__What is needed__: The reply should hold only the lines below beginning at the one with "- hochwertige Echtholzparkettböden" and ending at the one with "3月27日,浚縣種子站工作人", copied exactly, with every picture left out.

__Material shown__:
════════
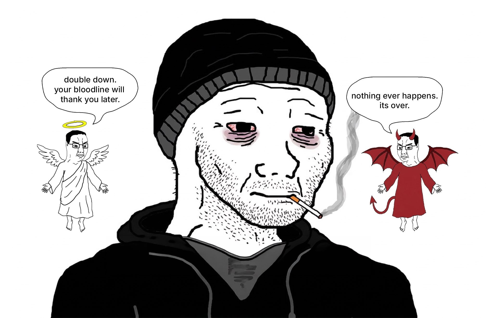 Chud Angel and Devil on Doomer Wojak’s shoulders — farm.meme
════════
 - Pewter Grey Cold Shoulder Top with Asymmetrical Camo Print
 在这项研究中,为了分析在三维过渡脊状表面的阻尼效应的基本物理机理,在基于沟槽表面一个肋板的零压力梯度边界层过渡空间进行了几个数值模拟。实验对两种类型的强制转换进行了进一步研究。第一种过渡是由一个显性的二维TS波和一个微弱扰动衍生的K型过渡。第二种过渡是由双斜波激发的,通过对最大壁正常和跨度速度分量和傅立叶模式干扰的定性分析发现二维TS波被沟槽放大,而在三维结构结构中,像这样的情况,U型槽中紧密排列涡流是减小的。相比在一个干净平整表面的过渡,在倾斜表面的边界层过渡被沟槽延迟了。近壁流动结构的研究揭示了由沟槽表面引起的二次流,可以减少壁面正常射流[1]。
════════
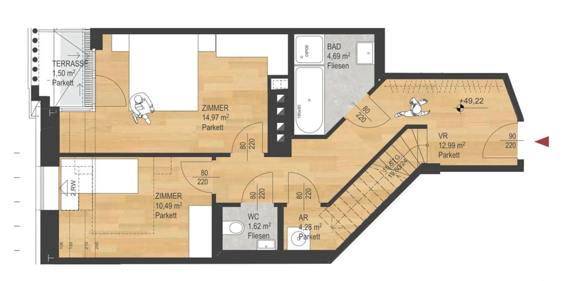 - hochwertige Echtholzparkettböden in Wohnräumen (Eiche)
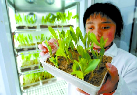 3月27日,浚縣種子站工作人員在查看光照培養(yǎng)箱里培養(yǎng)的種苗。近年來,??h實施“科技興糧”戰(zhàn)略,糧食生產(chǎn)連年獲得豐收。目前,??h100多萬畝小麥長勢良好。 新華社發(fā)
════════
__Result for this exercise__:
 - hochwertige Echtholzparkettböden in Wohnräumen (Eiche)
 3月27日,浚縣種子站工作人員在查看光照培養(yǎng)箱里培養(yǎng)的種苗。近年來,??h實施“科技興糧”戰(zhàn)略,糧食生產(chǎn)連年獲得豐收。目前,??h100多萬畝小麥長勢良好。 新華社發(fā)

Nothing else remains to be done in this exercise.